<<<<

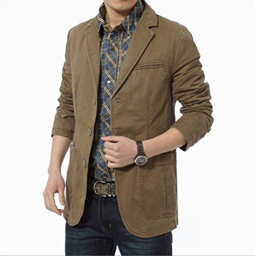 DeLamode da Uomo Stile Lungo 100% Cotone Blazer Collar Giacca
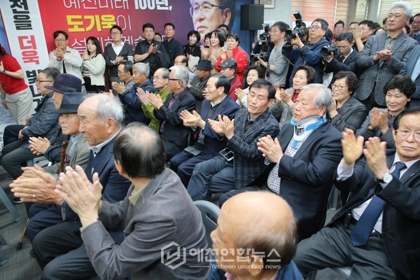 행사 마지막 순서에서는 참석자 전원이 자리에서 일어나 선창에 맞춰 “도기욱과 예천군민이 함께 꾸는 꿈은 이루어진다”를 함께 외쳤다. 건물 안팎에서 구호가 이어졌고, 박수와 함성이 겹치며 현장 열기는 마지막까지 이어졌다.
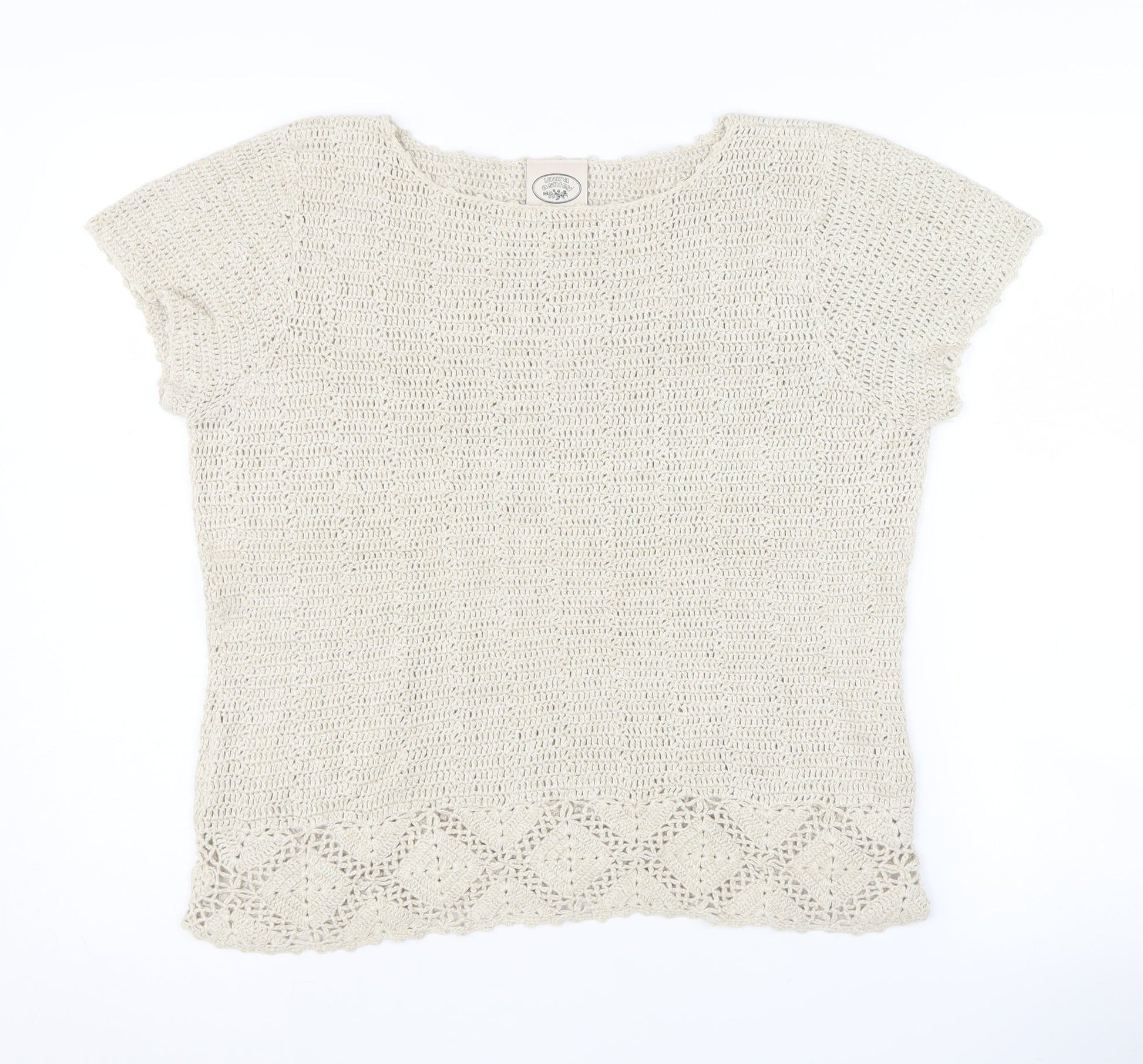 Laura Ashley Beige Open-Knit Pullover Jumper, Size L
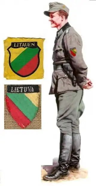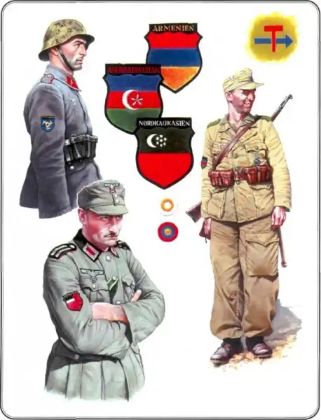 Первыми национальными группами советских добровольцев, которые вошли в вермахт в виде организованных подразделений, были легионы, набранные из представителей народов Кавказа и Средней Азии. На фотографии - старший сержант и младший лейтенант из Грузинского легиона, они носят красные петлицы с белым кантом, специально предназначенные для Восточных легионов. На младшем лейтенанте видна грузинская нашивка красного цвета с черной и белой полосками и погоны. На сержанте мы видим ленту Знака отличия для восточных народов 2-го класса. По аналогии с Железным крестом она продета в петлицу мундира. Более дюжины батальонов Грузинского легиона были посланы на фронт. Один из них - 823-й - закончил свою службу в составе гарнизона острова Гернси.
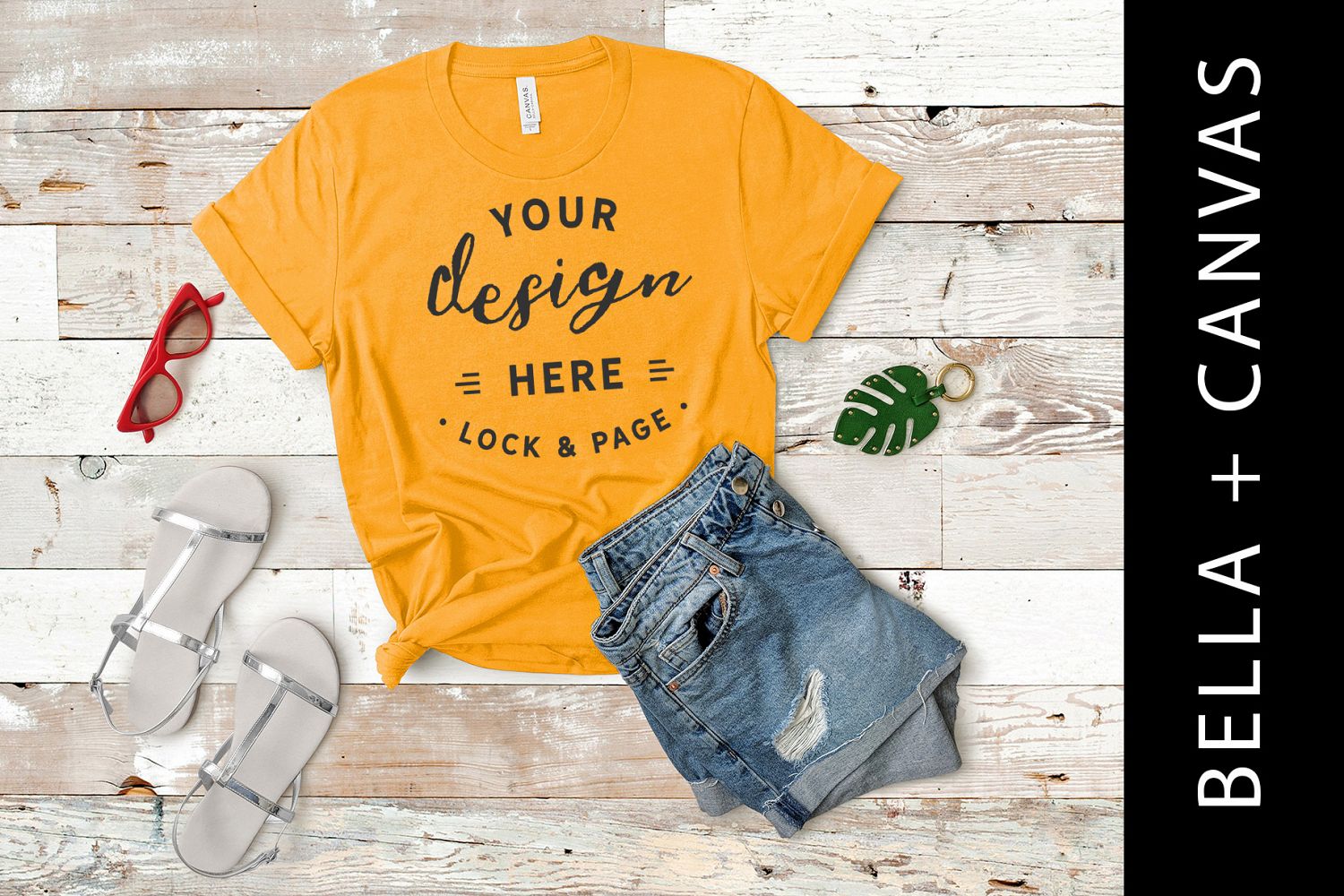 Gold T Shirt Mockup Bella Canvas 3001 Girls Fashion Flat Lay example image 1
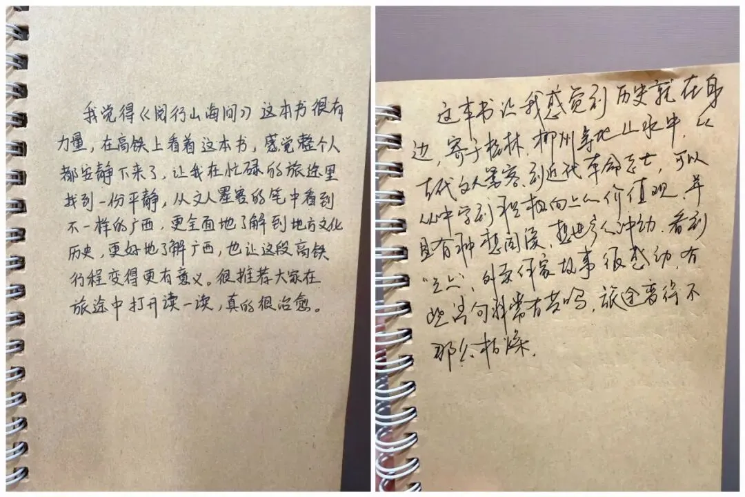 “这次旅行在第二辑《阅行山海间》上看到了自己的留言,又惊喜又感动。如果你此刻正在广西旅行,不妨翻翻前座网袋里的这本书,也许就能找到这份别出心裁的礼物。”
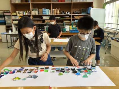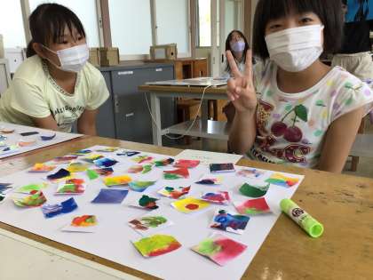4年生の図工の授業の様子です。初めに、前回各自で色を混ぜ合わせて作った紙を好きなように並べて作品を作りました。次に、隣の子が作った作品を見て色合いを楽しむとともに、好きなように並べ替えて違う作品を作りました。次に、隣の子と協力して2人で1つの作品を作りました。最後に、全員で1つの作品を作りかけて、今日の授業は終わりました。次回、どんな作品ができあがるか楽しみです。
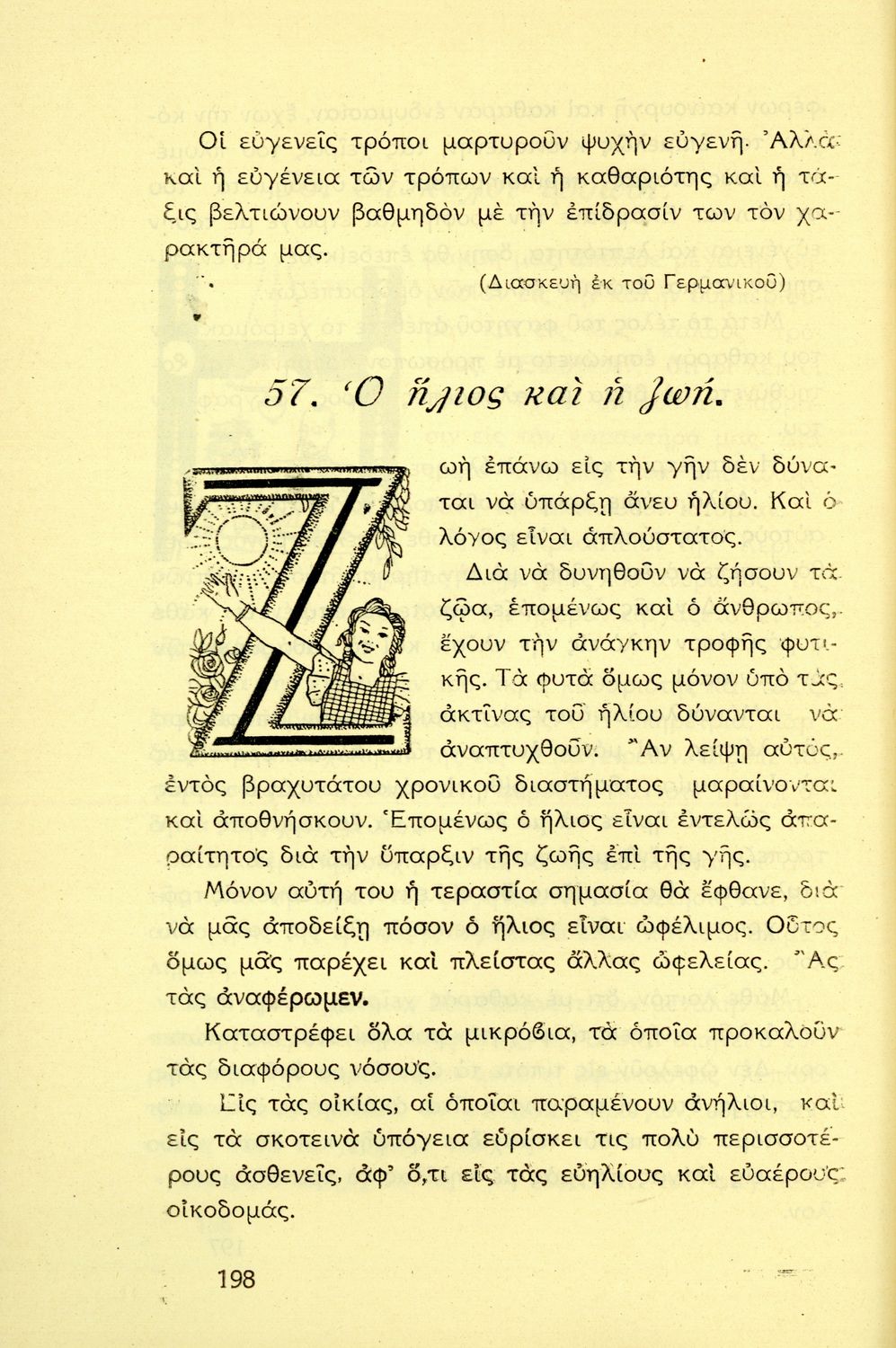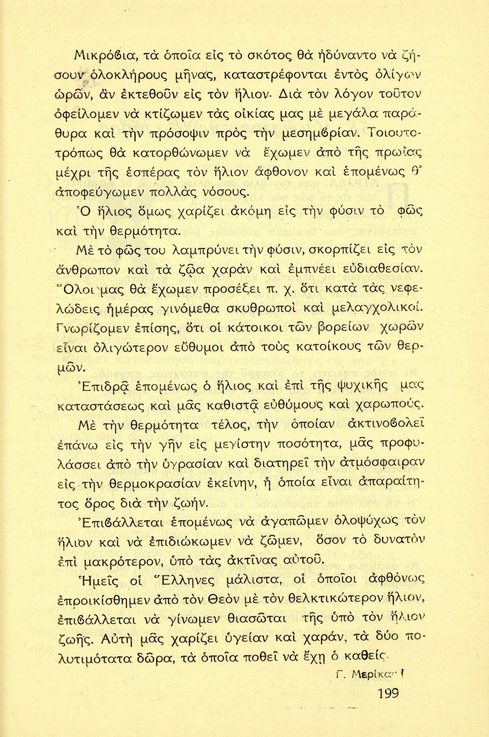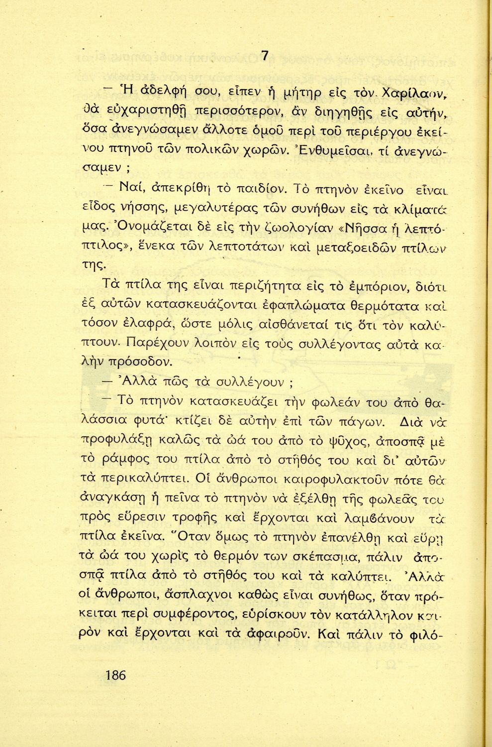 Αναγνωστικό Ε΄ Δημοτικού που περιλαμβάνει πεζογραφήματα εμπνευσμένα από την ελληνική φύση, την αγροτική ζωή και από το τρίπτυχο "Πατρίς- θρησκεία- οικογένεια".

>>>>

The response must match the data line for line, from its first line through the line with "Laura Ashley Beige", inclusive, and must leave out the pictures.

 DeLamode da Uomo Stile Lungo 100% Cotone Blazer Collar Giacca
 행사 마지막 순서에서는 참석자 전원이 자리에서 일어나 선창에 맞춰 “도기욱과 예천군민이 함께 꾸는 꿈은 이루어진다”를 함께 외쳤다. 건물 안팎에서 구호가 이어졌고, 박수와 함성이 겹치며 현장 열기는 마지막까지 이어졌다.
 Laura Ashley Beige Open-Knit Pullover Jumper, Size L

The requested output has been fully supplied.